Go through the listing below and output exactly the line with "Nejvýraznější česká událost", the line with "As part of our", and each line between; omit the rest.

» Data listing:
--------

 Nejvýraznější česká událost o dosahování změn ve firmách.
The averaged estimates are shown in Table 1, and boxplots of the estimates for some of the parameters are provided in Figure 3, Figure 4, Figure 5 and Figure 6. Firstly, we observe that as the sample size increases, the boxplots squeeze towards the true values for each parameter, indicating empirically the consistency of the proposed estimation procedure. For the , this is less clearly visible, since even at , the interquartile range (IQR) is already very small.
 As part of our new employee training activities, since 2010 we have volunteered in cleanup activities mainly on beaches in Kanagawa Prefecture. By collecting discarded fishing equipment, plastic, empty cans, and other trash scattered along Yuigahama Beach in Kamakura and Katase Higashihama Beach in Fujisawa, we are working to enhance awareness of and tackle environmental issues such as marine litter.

--------

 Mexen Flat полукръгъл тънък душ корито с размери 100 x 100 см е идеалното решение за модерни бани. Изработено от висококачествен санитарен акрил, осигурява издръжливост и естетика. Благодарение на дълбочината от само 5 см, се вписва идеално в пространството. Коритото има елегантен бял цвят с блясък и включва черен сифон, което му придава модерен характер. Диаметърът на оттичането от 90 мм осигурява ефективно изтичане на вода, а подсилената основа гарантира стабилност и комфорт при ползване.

--------

» Expected answer:
 Nejvýraznější česká událost o dosahování změn ve firmách.
The averaged estimates are shown in Table 1, and boxplots of the estimates for some of the parameters are provided in Figure 3, Figure 4, Figure 5 and Figure 6. Firstly, we observe that as the sample size increases, the boxplots squeeze towards the true values for each parameter, indicating empirically the consistency of the proposed estimation procedure. For the , this is less clearly visible, since even at , the interquartile range (IQR) is already very small.
 As part of our new employee training activities, since 2010 we have volunteered in cleanup activities mainly on beaches in Kanagawa Prefecture. By collecting discarded fishing equipment, plastic, empty cans, and other trash scattered along Yuigahama Beach in Kamakura and Katase Higashihama Beach in Fujisawa, we are working to enhance awareness of and tackle environmental issues such as marine litter.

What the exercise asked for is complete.